Tantrum Prevention

Tantrum Prevention 103: Growing Your Window of Tolerance

My 1976 wiring nightmare. An opportunity to grow!

At this exact moment typing I am procrastinating on working over my electrical diagrams. We all have our strengths and numbers are not mine. I’m dyslexic, specifically with numbers. I switch them around and am constantly course correcting, triple checking and stressing. When someone hands me the bill for dinner I have a stress response to writing in the tip. As a therapist, I can talk about the nuances of my feelings and experience of this stress all day. Doing the math, not so much. Talking about AC/DC loads with watts, voltage and amps pretty much stops my brain before anything comes out my mouth.

Yet here I am stretching my edge and pushing my brain to the limit trying to redo my entire 43-year-old electrical system on my own. I’m getting help from Eric, hiring a professional to look it over, reading a lot of books and websites, and I took some classes. One was from the great Nigel Calder himself, the guru of marine mechanics and electrical. The issue is not about enough resources or support, it’s about my poor brain. Honestly, about every five minutes I want to quit, get pissy, distract, eat something, go on social media, and generally fuck off. I dream of sail trim and just about everything and anything else sail related other than this. I am even looking forward to bulk head replacement more. Epoxy seems like a walk in the park compared to this fucking diagram, and that shit gives me a literal headache.

Here is a diagram I like and an easily talk about:

Image by Marie Dezelik, PhD

This is about the window of tolerance. It was coined by a psychologist I am a fan-girl of, Daniel Siegel. Inside the window our heart rates are calm and we are thinking clearly. We can problem solve, make conscious choices and engage what is in front of us in an authentic and creative way. We have good tolerance of frustration and can easily work through challenges. Our bodies and minds are integrated and working together optimally. Outside of the window is a shit show. When we get stressed we generally have two routes: hyper-arousal and hypo-arousal.

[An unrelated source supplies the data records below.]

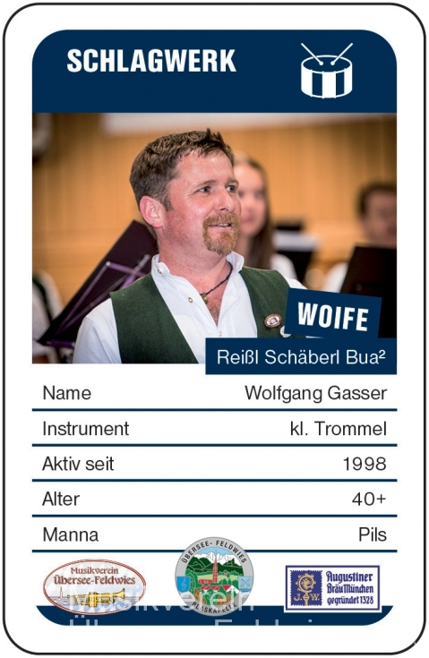 Auweh, der Reißl Schäberl Bua - Wolfgang Gasser. An kleinem, großem, rundem und eckigem Schäberl ist der Woife seit vielen Jahren im Schlagzeugsatz am Trommeln . Oftmals sieht man ihn bei Standkonzerten auf Dächern rumturnen, um Sonnenuntergänge zu fotografieren - kein Problem, dann bleibt für die anderen Schäberlbuam mehr zu tun. Als Reißl-Bua besteht eine nicht näher erläuterte Verwandtschaft zum Steiff-Reißl-Bua Maschd. Ein schnelles Pils als Manna geht immer: "Woasst, es pressiert, sunst geht die Sunn ohne mi unter"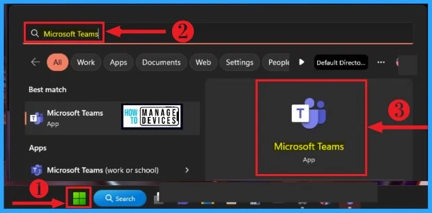 - Click the Start menu and then search Microsoft Teams in the search box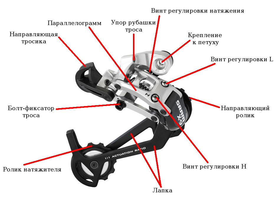 Каково же устройство заднего переключателя? Прежде, чем изучить то, как работает это устройство, рассмотрим конструкцию: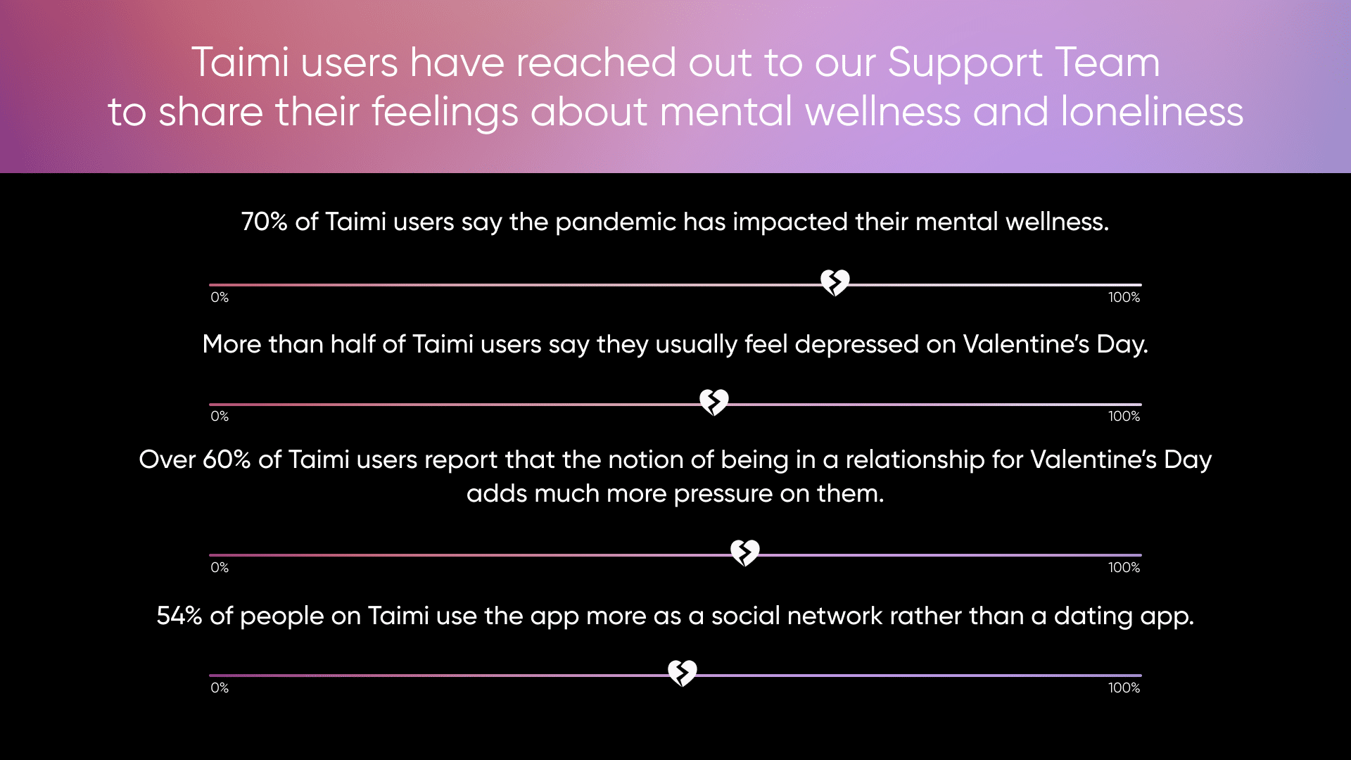 Every year since its inception, Taimi — the world’s largest LGBTQ+ platform that features a social network and dating app — has received thousands of messages from its users asking for advice, help, consolation, and whatever else is on their minds. These messages tend to double in numbers in the weeks and days leading up to Valentine’s Day. This year, due to the pandemic and global lockdowns, the incoming texts about the commercialization of love and what it means on February 14 are overwhelming.

Hyper-arousal is when we spin our wheels really fast but get little done. It is where we yell or scream, cry or shout, these are the external tantrums. Or it is when we start planning and making manic lists, stressing out and killing ourselves to make stuff happen. We obsess and can’t stop, but are not very effective. This is where we might actively run in the other direction and clean the house or organize our sock drawers rather than do electrical diagrams. We might go wash the car, help a friend, or do a million other things rather than what we need to be. Our minds spin and we fill the space. This is more on the panicked side of stress, it is essentially fight or flight.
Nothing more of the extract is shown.